Thursday, July 14, 2016

Mavroidis: The Regulation of International Trade

Petros C. Mavroidis (Columbia Univ. - Law) has published The Regulation of International Trade. Vol. 1: GATT (MIT Press 2016) and The Regulation of International Trade. Vol. 2: The WTO Agreements on Trade in Goods (MIT Press 2016). Here are the abstracts:

Volume 1

The General Agreement on Tariffs and Trade (GATT) was created alongside other towering achievements of the post-World War II era, including the United Nations, the World Bank, and the International Monetary Fund. GATT, the first successful agreement to generate multilateral trade liberalization, became the principal institution to administer international trade for the next six decades. In this book, Petros Mavoidis offers detailed examination of the GATT regime for international trade, discussing the negotiating record, policy background, economic rationale, and case law.
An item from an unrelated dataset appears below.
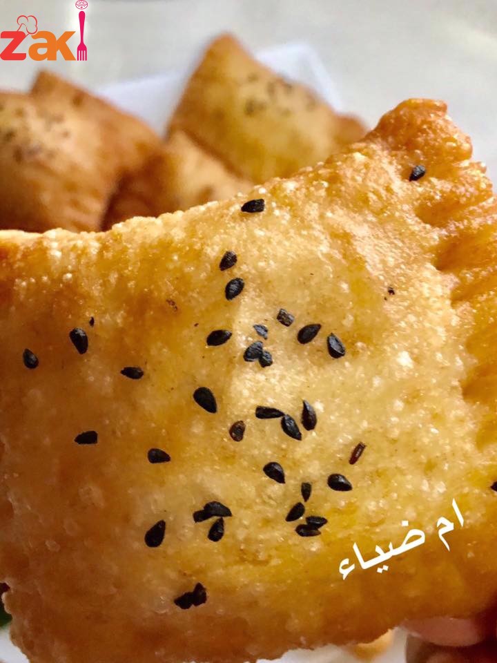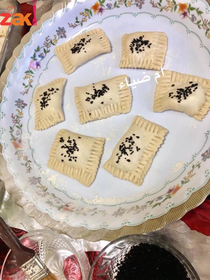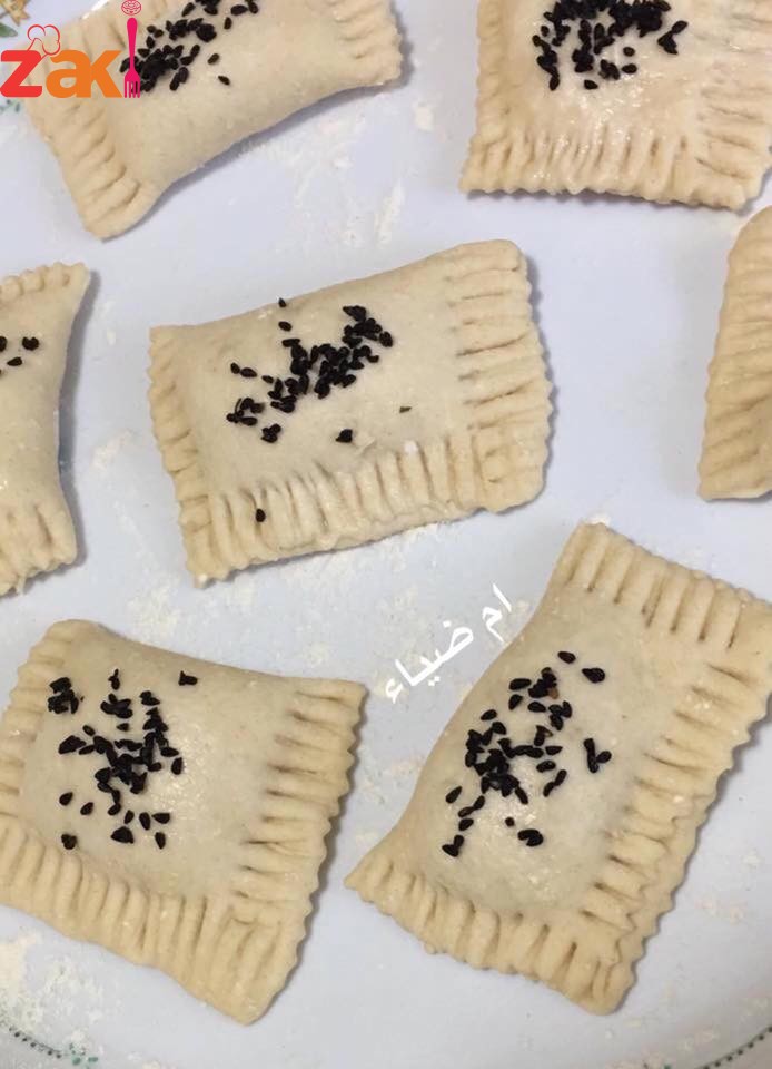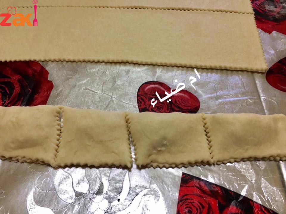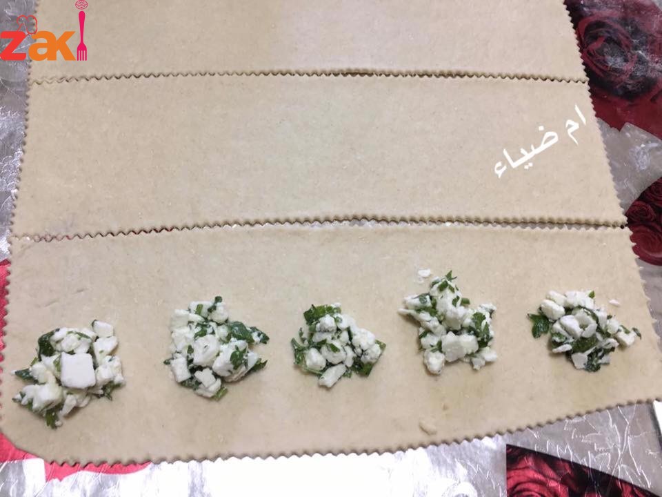 - تفرد العجينة بواسطة الشوبك على شكل مستطيل سمك 0.25 سم ثم تقطع لاربعه مستطلات توضع الجبنه من الطرف وتلف العجينة ونضغط عليها بطرف الشوكه ثم تعمل على شكل مربع وتصف على صينية

Mavroidis offers a substantive first chapter that provides a detailed historical background to GATT that stretches from the 1927 World Economic Conference through Bretton Woods and the Atlantic Charter. Each of the following chapters examines the disciplines agreed to, their negotiating record, their economic rationale, and subsequent practice. Mavroidis focuses on cases that have influenced the prevailing understanding of the norm, as well as on literature that has contributed to its interpretation, and the final outcome. In particular, he examines quantitative restrictions and tariffs; the most favored nation clause (MFN), the cornerstone of the GATT edifice; preferential trade agreements and special treatment for products originating in developing countries; domestic instruments; and exceptions to the obligations assumed under GATT.


Volume 2

The General Agreement on Tariffs and Trade (GATT) has extended its institutional arsenal since the Kennedy round in the early 1960s. The current institutional design is the outcome of the Uruguay round and agreements reached in the ongoing Doha round (begun in 2001). One of the institutional outgrowths of GATT is the World Trade Organization (WT0), created in 1995. In this book, Petros Mavroidis offers a detailed examination of WTO agreements regulating trade in goods, discussing legal context, policy background, economic rationale, and case law.

Each chapter examines a given legal norm and its subsequent practice. In particular, he discusses agreements dealing with customs clearance; “contingent protection” instruments, which allow WTO members unilaterally to add to the negotiated amount of protection when a certain contingency (for example, dumping) has occurred; TBT (Technical Barriers to Trade) and SPS (Sanitary and Phyto-sanitary Measures) agreements, both of which deal with such domestic instruments as environmental, health policy, or consumer information; the agreement on Trade Related Investment Measures (TRIM); sector-specific agreements on agriculture and textiles; plurilateral agreements (binding a subset of WTO membership) on government procurement and civil aviation; and transparency in trade relations. This book’s companion volume examines the GATT regime for international trade.